Many thanks for reading

Cheers

Paul


----------



## Roger (May 17, 2003)

Paul,

Really nice box......perhaps a bit of green beize in the bottom?

Are you taking orders?

Regards

Roger


----------



## Guest (Sep 14, 2003)

Hi Paul,

Nice looking watch







Did you get the Seiko i sent on friday? It might not have reached you yet.

Cheers, James.


----------



## pauluspaolo (Feb 24, 2003)

Hi Roger

Sorry no orders as they are complete sods to make!! Despite the fact that the milling machine is computer controlled we don't actually have a computer set up for it so it was all done by hand and eye ......... nightmare!! The green baize is a good idea though, I just need to find some.

Gspotter

Thanks for the Seiko but it hasn't arrived yet. If you sent it on Friday it may well arrive tomorrow. I'll let you know when it does and post a picture on the forum. Many thanks.

I'll try and take a better picture of the box when I've a moment.

Cheers

Paul


----------



## Roger (May 17, 2003)

Paul.

Oh rats......never mind, you could make a minor killing with that product..with some brass fittings, would look superb.

BTW my daughter gets the green beize at the local embroidery shop, its quite cheap....I stick it down with that white PVA glue, works fine and holds well.

If you reconsider, let me know.

Roger


----------



## pauluspaolo (Feb 24, 2003)

Hi Roger

That's a couple of people who've said I could sell loads of these boxes. I have made three, but one of them is more of a conventional trinkets box (but it currently holds 2 watches







). The other is in the same style as the one I pictured it just isn't made from the same decent wood (the graining on the one I pictured is excellent).

The trouble is that due to the lack of decent wood and the fact that the boxes have to be made by hand they all end up a bit different and mistakes are easily made. I'll post some more pictures of them and see what the reaction is. If there's some interest I'll try and make a few more but don't hold your breath, I make them in my lunch hour when I'm not in the mood to put my feet up!

Cheers

Paul


----------



## Stan (Aug 7, 2003)

Paul,

Well done. I admire you skill, but do what you want to.
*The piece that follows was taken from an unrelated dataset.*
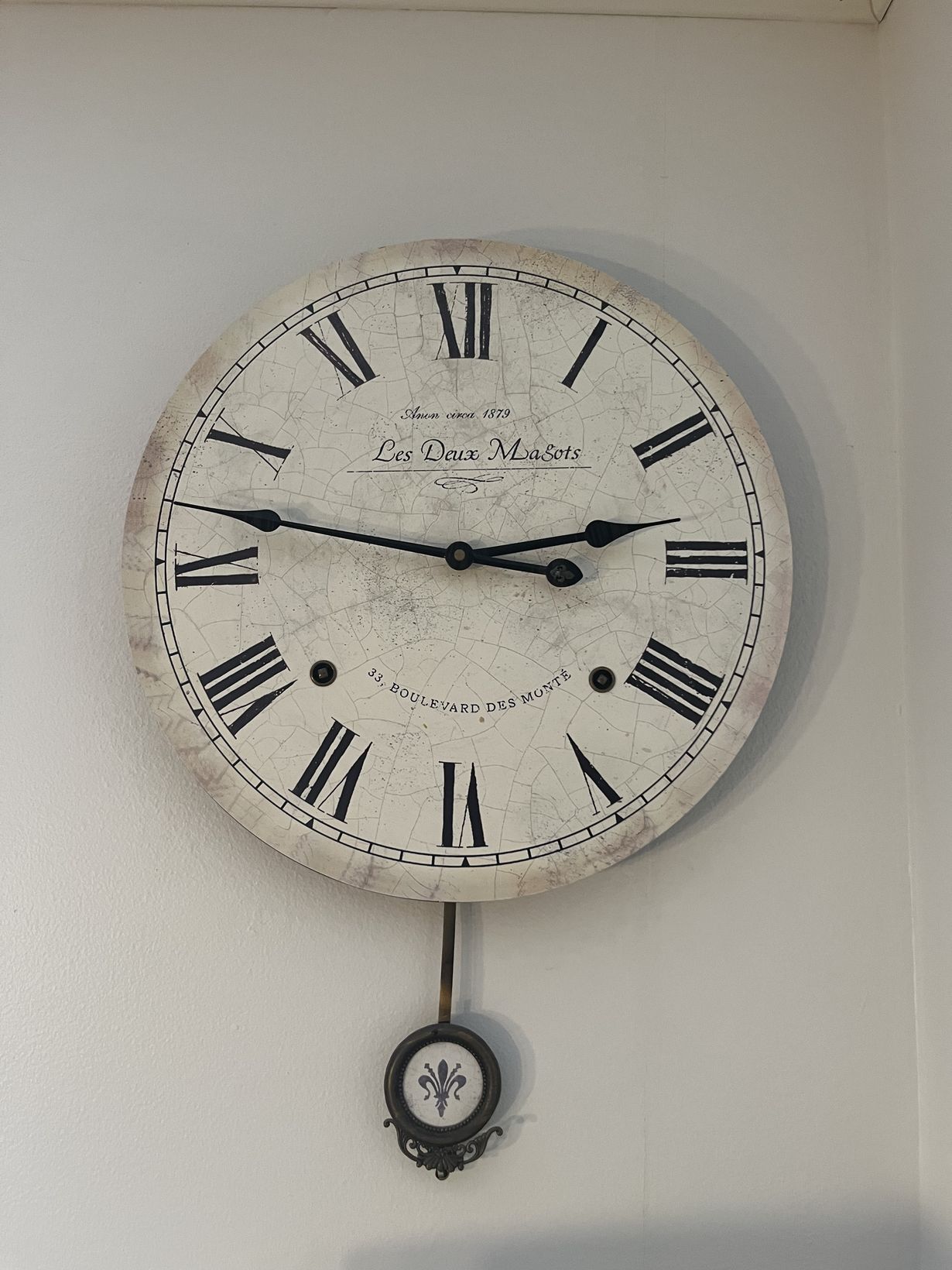 Edellinen keittiömme sisustettiin hyvin ranskalais-henkiseksi ja tämä kello istui kuin valettu meloninoranssille seinälle Ranskasta tuotujen astioiden ja koristeiden joukkoon. Kello muutti myös uuteen kotiin, ja sopii tänne myös yllättävän hyvin.

No pressure.

Now to the watch, how many jewels does it claim? 23 or 25? Could be an ETA or a Poljot 3133, depends on how many jewels, I guess.
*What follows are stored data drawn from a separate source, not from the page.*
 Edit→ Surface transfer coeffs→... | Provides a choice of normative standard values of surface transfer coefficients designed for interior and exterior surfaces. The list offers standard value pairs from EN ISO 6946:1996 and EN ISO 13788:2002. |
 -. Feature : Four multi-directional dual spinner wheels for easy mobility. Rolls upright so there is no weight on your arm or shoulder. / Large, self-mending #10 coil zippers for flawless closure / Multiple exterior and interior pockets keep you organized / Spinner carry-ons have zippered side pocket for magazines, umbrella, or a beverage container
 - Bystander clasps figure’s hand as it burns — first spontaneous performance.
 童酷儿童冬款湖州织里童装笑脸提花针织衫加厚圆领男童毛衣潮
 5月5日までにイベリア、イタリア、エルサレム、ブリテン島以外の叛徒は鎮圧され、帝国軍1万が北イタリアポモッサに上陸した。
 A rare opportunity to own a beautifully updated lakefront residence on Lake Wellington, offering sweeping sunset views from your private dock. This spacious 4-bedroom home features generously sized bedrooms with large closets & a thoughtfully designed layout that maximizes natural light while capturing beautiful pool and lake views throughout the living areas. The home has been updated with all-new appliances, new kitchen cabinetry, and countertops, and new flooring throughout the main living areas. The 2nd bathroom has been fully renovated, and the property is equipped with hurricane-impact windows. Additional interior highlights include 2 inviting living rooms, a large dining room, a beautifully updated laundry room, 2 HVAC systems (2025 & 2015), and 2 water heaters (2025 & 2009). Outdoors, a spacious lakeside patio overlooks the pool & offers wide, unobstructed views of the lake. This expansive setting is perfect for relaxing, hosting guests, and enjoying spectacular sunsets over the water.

I've seen some Vostok chronos recently with p3133 movements and the usual "picture" dials.

Vostok should move away from the "novelty" dials and make some "sensible" ones. s***, Vostok make good watches. Why stick with the outdated Ex Sov U style?

We should let them know that they don't have to rely on the former USSR kick, for western tastes.

Vostok, make the watches you make, just change the dials, please.

Will Vostok listen? Who knows?

Nice boxes Paul.

Stan.


----------



## Sargon (Feb 24, 2003)

Here's a pic of my only Poljot chrono. It really caught my eye first time I saw it. I like the cyrillic script. Yours is quite nice Paul. Very militay like. Several times I've thought about buying the Omega Dynamic chrono knock off, but have refrained so far.


----------



## pg tips (May 16, 2003)

Sargon, that is gorgeous! More pics please! Whats the crown at 10 for? Rotating Bezel?

btw whats the new avatar?


----------



## Roger (May 17, 2003)

Sargon.

The minute sub-dial layout is almost idential to the Yuri Gagarin limited edition which they produced a while back.

Do you have any idea why they have divided the 30 minutes into 12 segments which, at 2.5 minutes per segment, makes it very awkward to read accurately.

Roger


----------



## Roy (Feb 23, 2003)

Pg yes the extra crown rotates the inner bezel :


----------



## Sargon (Feb 24, 2003)

I'll have to look for more pics on my hard drive. This is the Yuri Gagarin limited edition. I don't have a clue as to why the minute subdial is divided as it is.

My new avatar is Domo-Kun (Mr. Thank You). He is a mascot of a Japanese TV station. He pops up all over the net in weird places if you surf as much as I do. I just think he's funny. Here are some mini movies of his.

http://www.doebbe.com/domo-kun/index.html


----------



## pg tips (May 16, 2003)

Sargon, are the hands on your orange as they appear in the picture or red as in Roy's in real life? I hope they are Orange!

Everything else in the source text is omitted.